In operation of the display device 700 of fig. 7A, a data signal can be input from the input terminal 101 of the light emitting module 610_11, such that the light emitting module 610_11 generates a corresponding light according to the data signal. Then, the data signal is transmitted from the output terminal 102 of the light emitting module 610_11 to the input terminal 101 of the light emitting module 610_12, so that the light emitting module 610_12 generates corresponding light according to the data signal. Then, the data signal is transmitted from the output terminal 102 of the light emitting module 610_12 to the output terminal 102 of the light emitting module 610_22, so that the light emitting module 610_22 generates corresponding light according to the data signal. Then, the data signal is transmitted from the input terminal 101 of the light emitting module 610_22 to the output terminal 102 of the light emitting module 610_21, so that the light emitting module 610_21 generates corresponding light according to the data signal. In this way, the routing length between the light emitting modules 610_11 to 610_22 can be reduced, and the error in the driving direction or the visible arrangement of the bright and dark lines can be reduced.

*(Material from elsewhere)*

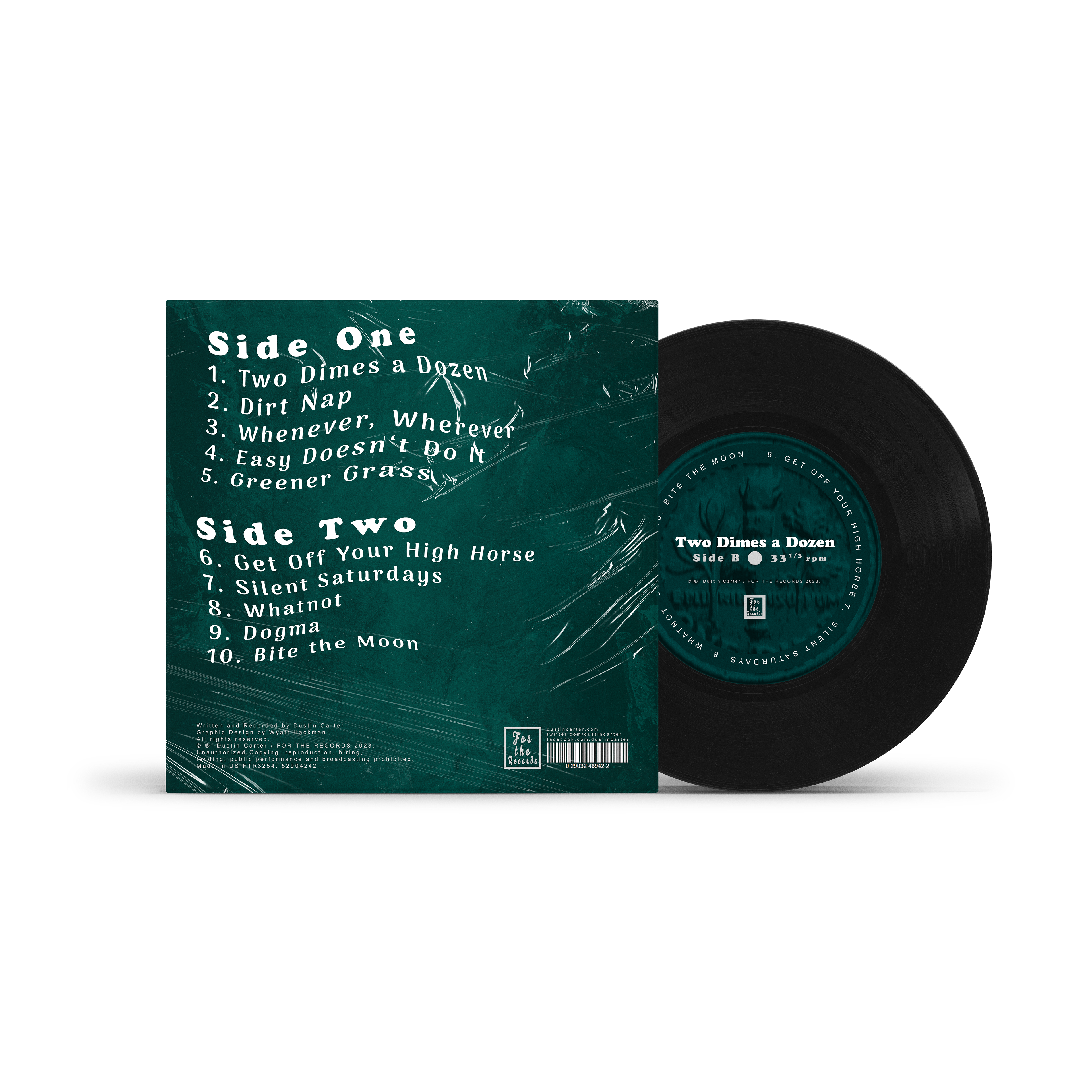 While the front cover remained nearly identical besides a couple of changes, the design of the back of the vinyl underwent many changes in order to find a layout that was both easily readable and fit with the overall style of the album. Which I ultimately achieved by liquefying the text in a left aligned paragraph format.

Fig. 7B is a schematic diagram of a light emitting device according to another embodiment of the invention. The display device 700 of fig. 7B is substantially the same as or similar to the display device 700 of fig. 7A, and the same or similar parts are described with reference to the embodiment of fig. 7A, so that the description thereof is omitted herein. Referring to fig. 7B, the detection terminals 105 of the light emitting module 610_11 and the light emitting module 610_12 receive the operation voltage VDD. The detection terminals 105 of the light emitting module 610_21 and the light emitting module 610_22 receive the ground voltage GND.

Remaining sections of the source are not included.